Task
I'd ask you to write out the lines below exactly, with no images.

Given material
—————

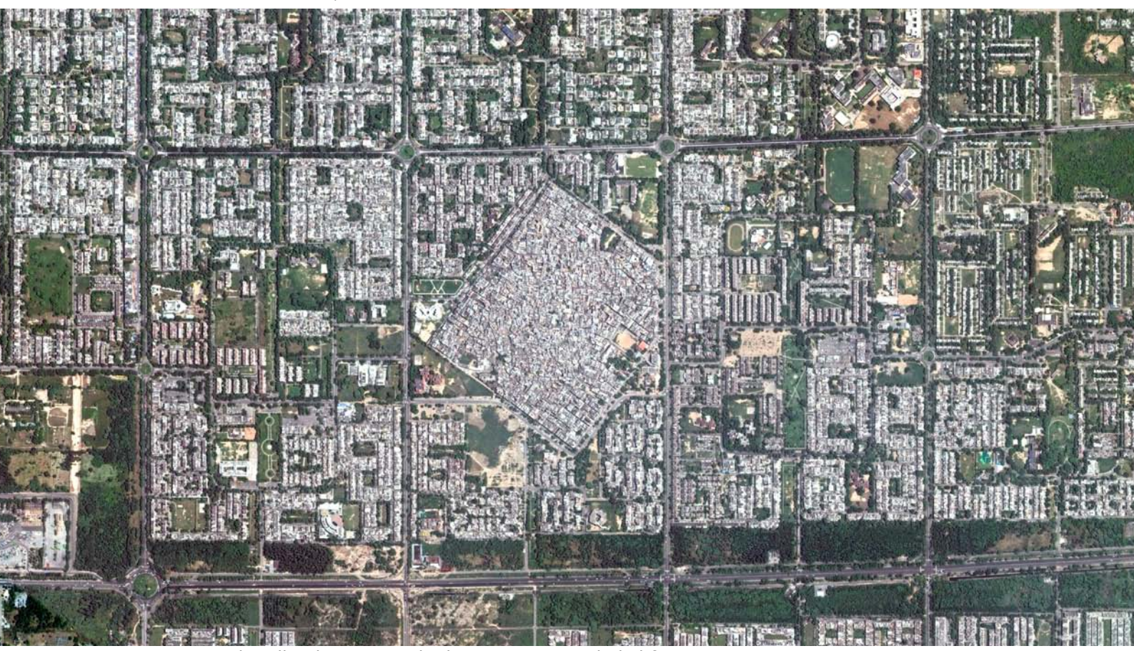
© Google. All rights reserved. This content is excluded from our Creative Commons license. For more information, see http://ocw.mit.edu/help/faq-fair-use/.

The paper analyses the construct of village as opposed to a city and agricultural land, as a result of prevalent land systems and revenue mechanisms in the Indian state of Punjab. It traces the evolution of urban villages in Chandigarh as excluded places from the realm of planning, since the colonial era to its nested co-existence within the urban fabric. Reflecting upon the lessons learnt in the process - the potentials offered and challenges faced, it explains factors responsible for their unique development trajectory. The paper concludes with suggestions for an alternative development pathway which can enable a smooth transition of the place from a rural, agricultural settlement to an integrated node within the city.
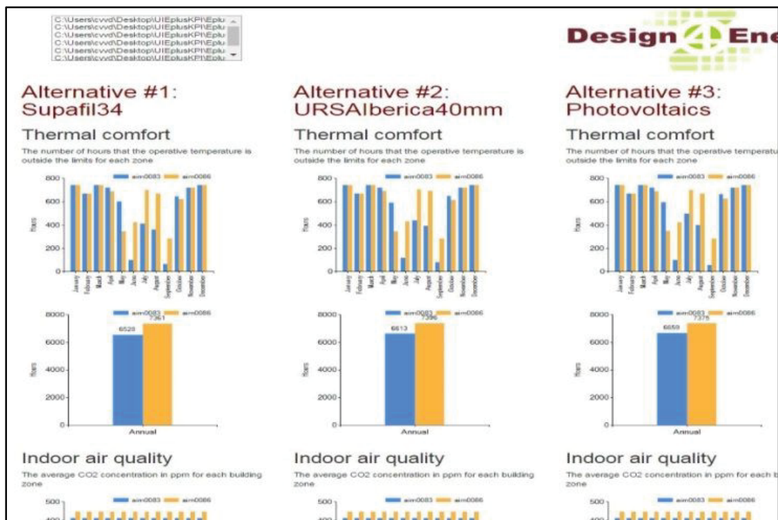
Figure 2: GUI for KPIs based on highest ranked retrofit alternative

Figure 2 is an extract from the prototype graphical user interface of the three alternatives as ranked by the tool. For each alternative the relevant KPI can be viewed using graphs that enable comparability across the different retrofit options. The GUI provides detailed results for each of the KPIs under consideration for users to critically assess the trade-offs between the different criteria for the selected retrofit options.

—————

Written solution
© Google. All rights reserved. This content is excluded from our Creative Commons license. For more information, see http://ocw.mit.edu/help/faq-fair-use/.

The paper analyses the construct of village as opposed to a city and agricultural land, as a result of prevalent land systems and revenue mechanisms in the Indian state of Punjab. It traces the evolution of urban villages in Chandigarh as excluded places from the realm of planning, since the colonial era to its nested co-existence within the urban fabric. Reflecting upon the lessons learnt in the process - the potentials offered and challenges faced, it explains factors responsible for their unique development trajectory. The paper concludes with suggestions for an alternative development pathway which can enable a smooth transition of the place from a rural, agricultural settlement to an integrated node within the city.
Figure 2: GUI for KPIs based on highest ranked retrofit alternative

Figure 2 is an extract from the prototype graphical user interface of the three alternatives as ranked by the tool. For each alternative the relevant KPI can be viewed using graphs that enable comparability across the different retrofit options. The GUI provides detailed results for each of the KPIs under consideration for users to critically assess the trade-offs between the different criteria for the selected retrofit options.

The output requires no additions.